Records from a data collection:
--------------------------------

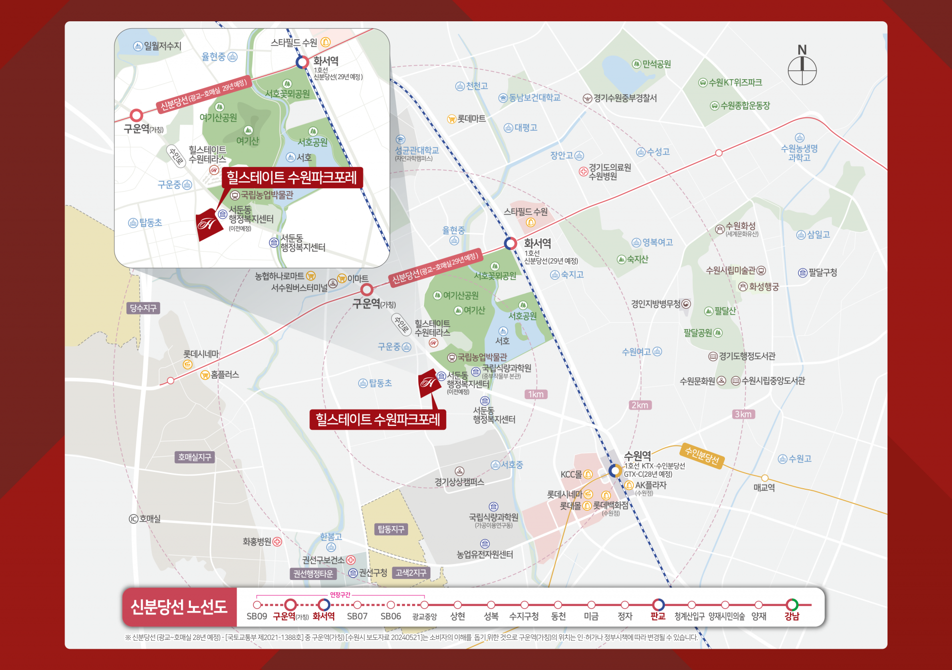 ※ 신분당선 (광교~호매실 28년 예정) - [국토교통부 제2021-1388호] 중 구운역(가칭) [수원시 보도자료 20240521]는 소비자의 이해를 돕기 위한 것으로 구운역(가칭)의 위치는 인·허가나 정부시책에 따라 변경될 수 있습니다.
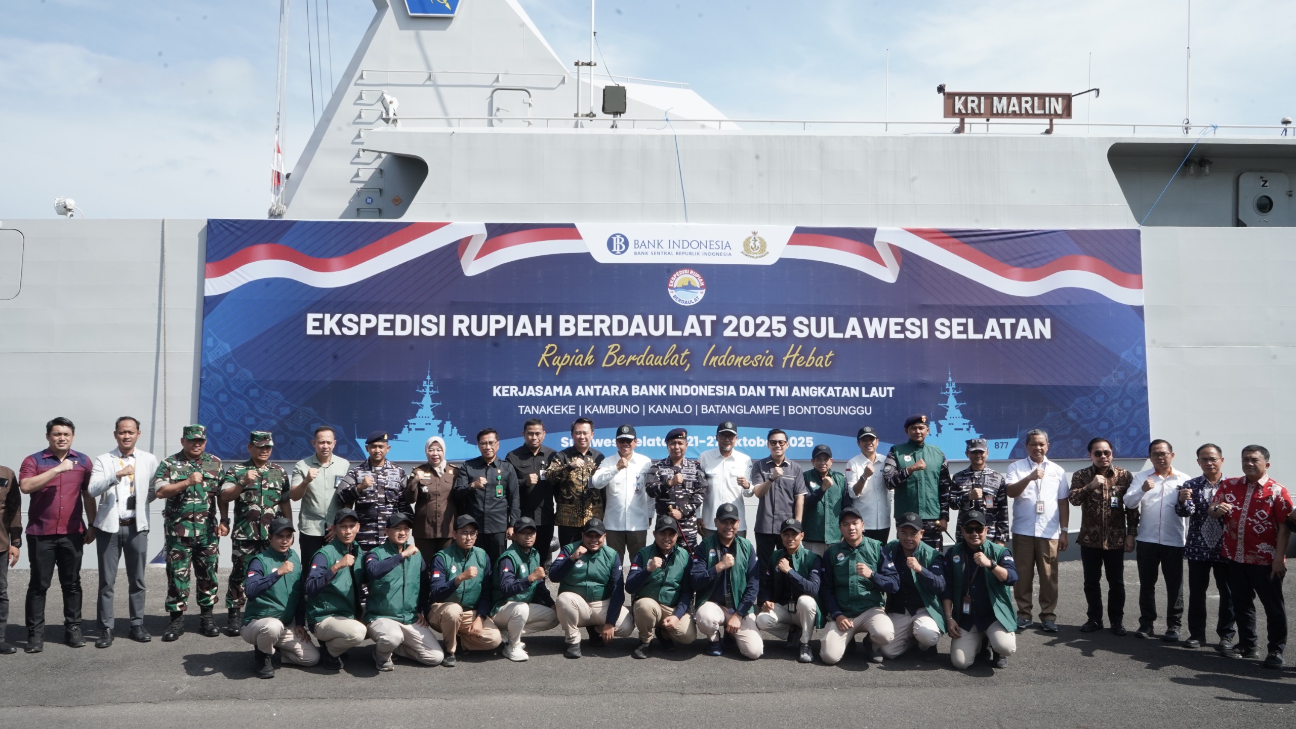 Makassar, Komando Daerah Angkatan Laut VI (Kodaeral VI) bersama Bank Indonesia secara resmi melepas Ekspedisi Rupiah Berdaulat (ERB) 2025 dari Dermaga Layang Kodaeral VI, Selasa (21/10/2025).
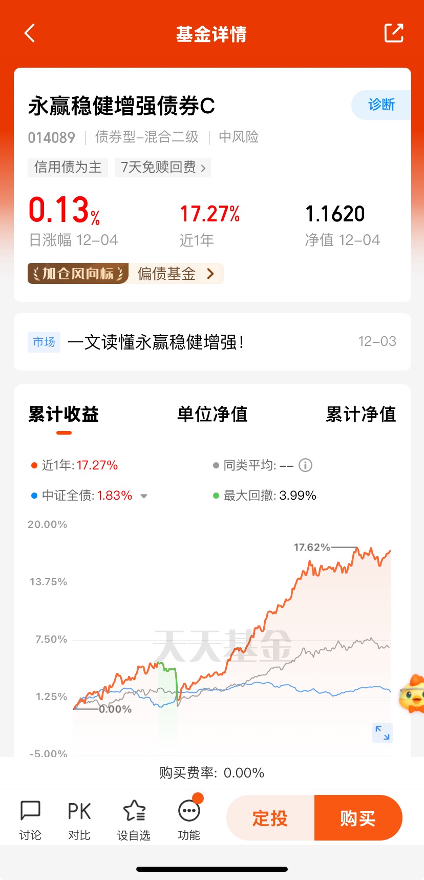 #2025年A股沪指收盘点位大猜想# 固收类产品通过股债动态配置,在权益市场波动时仍能保持相对稳定的净值,最大回撤控制较好,持有体验优于纯债基金,受到更多关注;$永赢稳健增强债券C$ 今天收13个蛋,近三个月收240个蛋,近六个月收1164个蛋,近一年收1727个蛋,各阶段的业绩优秀;固收类产品的收益相对稳定,能够为投资者提供较为可靠的收益。即使在市场波动较大时,其收益也不会出现大幅波动。
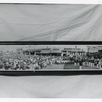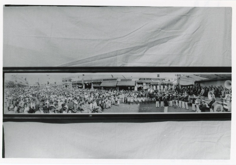 - A panoramic photograph of a band playing for the 25th Anniversary of the 9th Street City Market. The band plays in front of a stage and faces a large crowd of spectators, all of which is set in the street. The 9th Street City Market was started in 1909 by Mr. Louis Quan. Ella Quon and Kit Quon are in the photograph.
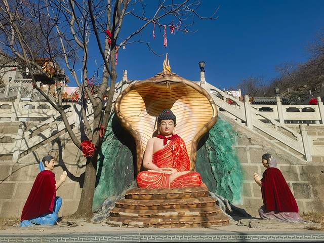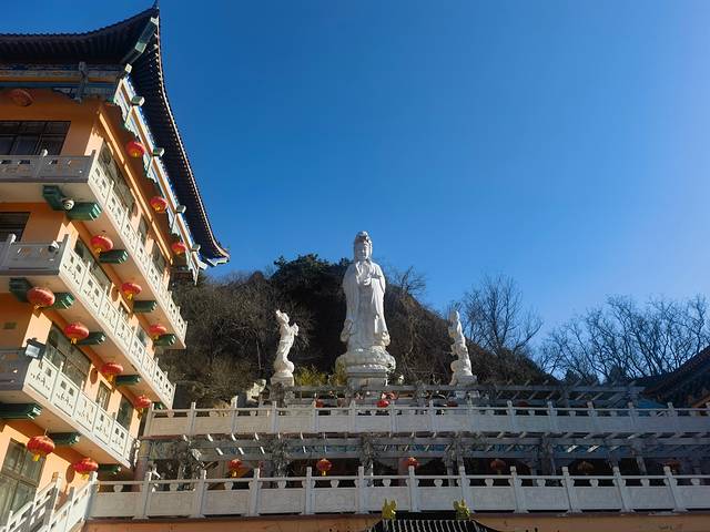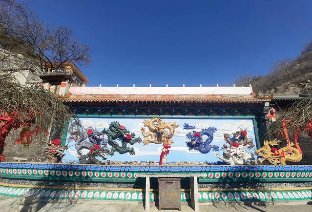 结束早市行程才还才七点半,头晚纠结了一晚要不要去北普陀山,时间这么早,没有不去的理由了。打车前往北普陀山景区,原计划就去北普陀寺看看,从大门口搭观光车早去早回,结果观光车9点才运营,来都来了,怎么办?只得走路了,从大门走到山门停车场,大约半小时,一路上空气非常清新,路旁都是枯枝老树,但一点也不影响舒畅的好心情。到了山门停车场,直奔北普陀寺,北普陀山,一口气爬到九龙壁处,因为冬季防火,再往上走的通道已经关闭,只得遗憾往下了,在路上看到一个招牌,了解了北普陀寺的几个值得一看的地方,但是问了一个师傅,很多点都关闭了。往回走的时候又顺路去看了下观音洞。9点半就结束了北普陀山的行程,回程坐到了观光车,出了大门又打到了车去辽沈战役纪念馆,上车仔细一看,居然是辆假的士,司机自己在车前挡粘上了空车的字样标志,我一问,师傅说和打车价格差不多,大白天那也就算了。
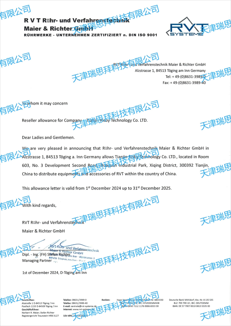 天津瑞思拜科技有限公司作為RVT SYSTEME中國區代理商,對所有RVT SYSTEME產品有銷售權,歡迎合作。
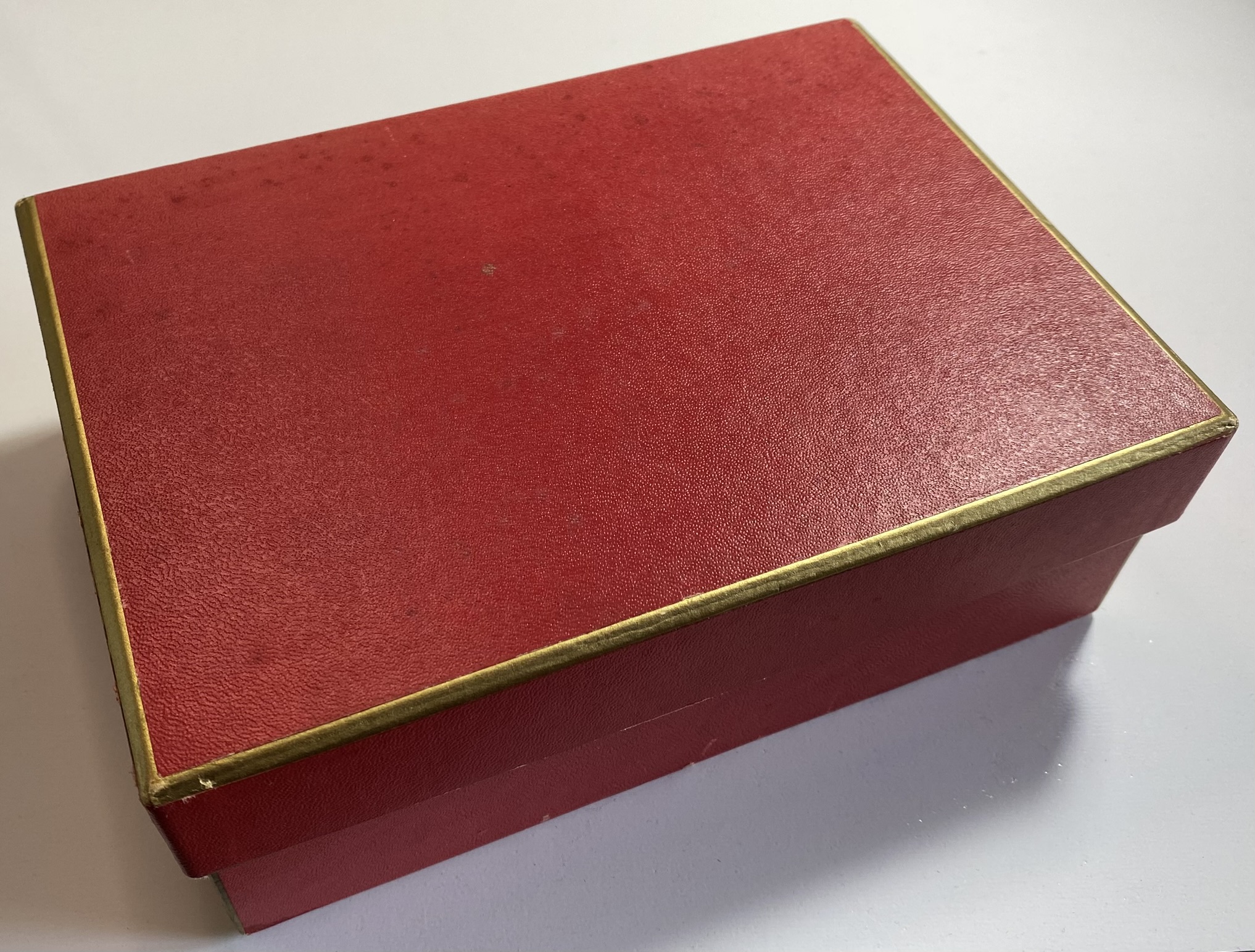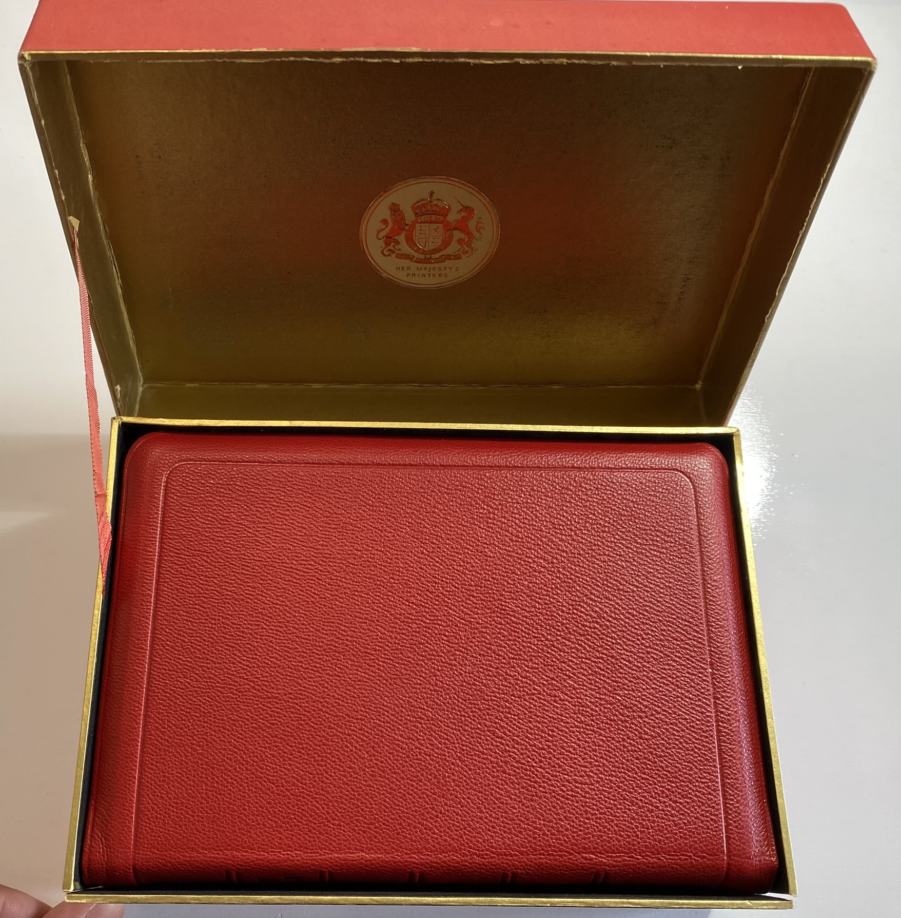 This set comes in its original cardboard box. The red exterior with gold edging has discoloured with age, some noticeable marks and scuffs, the rear is particularly sunned. The bottom has a small surface torn section, this does not affect the structure and is surface level only. The box remains in solid functional condition and has protected the books within very well. The top lid opens with strong hinge and red ribbon support. A gilt Eyre & Spottiswoode Royal Seal emblem is attractively stamped central to the gold underside of the lid. The front flap of the box has been designed to open out flat when the lid is lifted. This reveals a soft black velvet lining, with the smaller Book of Common Prayer housed at the bottom, cushioned either side with velvet blocks. The "Shelf" above is hinged, allowing for better access to the Common Prayer. The Holy Bible sits perfectly on this upper shelf. Both books sit very comfortably within the box, very well produced and has protected the books wonderfully.

--------------------------------

• _Task statement_
The result should be an exact repetition of all the records. Drop the pictures.

• _Response to the exercise_
 ※ 신분당선 (광교~호매실 28년 예정) - [국토교통부 제2021-1388호] 중 구운역(가칭) [수원시 보도자료 20240521]는 소비자의 이해를 돕기 위한 것으로 구운역(가칭)의 위치는 인·허가나 정부시책에 따라 변경될 수 있습니다.
 Makassar, Komando Daerah Angkatan Laut VI (Kodaeral VI) bersama Bank Indonesia secara resmi melepas Ekspedisi Rupiah Berdaulat (ERB) 2025 dari Dermaga Layang Kodaeral VI, Selasa (21/10/2025).
 #2025年A股沪指收盘点位大猜想# 固收类产品通过股债动态配置,在权益市场波动时仍能保持相对稳定的净值,最大回撤控制较好,持有体验优于纯债基金,受到更多关注;$永赢稳健增强债券C$ 今天收13个蛋,近三个月收240个蛋,近六个月收1164个蛋,近一年收1727个蛋,各阶段的业绩优秀;固收类产品的收益相对稳定,能够为投资者提供较为可靠的收益。即使在市场波动较大时,其收益也不会出现大幅波动。
 - A panoramic photograph of a band playing for the 25th Anniversary of the 9th Street City Market. The band plays in front of a stage and faces a large crowd of spectators, all of which is set in the street. The 9th Street City Market was started in 1909 by Mr. Louis Quan. Ella Quon and Kit Quon are in the photograph.
 结束早市行程才还才七点半,头晚纠结了一晚要不要去北普陀山,时间这么早,没有不去的理由了。打车前往北普陀山景区,原计划就去北普陀寺看看,从大门口搭观光车早去早回,结果观光车9点才运营,来都来了,怎么办?只得走路了,从大门走到山门停车场,大约半小时,一路上空气非常清新,路旁都是枯枝老树,但一点也不影响舒畅的好心情。到了山门停车场,直奔北普陀寺,北普陀山,一口气爬到九龙壁处,因为冬季防火,再往上走的通道已经关闭,只得遗憾往下了,在路上看到一个招牌,了解了北普陀寺的几个值得一看的地方,但是问了一个师傅,很多点都关闭了。往回走的时候又顺路去看了下观音洞。9点半就结束了北普陀山的行程,回程坐到了观光车,出了大门又打到了车去辽沈战役纪念馆,上车仔细一看,居然是辆假的士,司机自己在车前挡粘上了空车的字样标志,我一问,师傅说和打车价格差不多,大白天那也就算了。
 天津瑞思拜科技有限公司作為RVT SYSTEME中國區代理商,對所有RVT SYSTEME產品有銷售權,歡迎合作。
 This set comes in its original cardboard box. The red exterior with gold edging has discoloured with age, some noticeable marks and scuffs, the rear is particularly sunned. The bottom has a small surface torn section, this does not affect the structure and is surface level only. The box remains in solid functional condition and has protected the books within very well. The top lid opens with strong hinge and red ribbon support. A gilt Eyre & Spottiswoode Royal Seal emblem is attractively stamped central to the gold underside of the lid. The front flap of the box has been designed to open out flat when the lid is lifted. This reveals a soft black velvet lining, with the smaller Book of Common Prayer housed at the bottom, cushioned either side with velvet blocks. The "Shelf" above is hinged, allowing for better access to the Common Prayer. The Holy Bible sits perfectly on this upper shelf. Both books sit very comfortably within the box, very well produced and has protected the books wonderfully.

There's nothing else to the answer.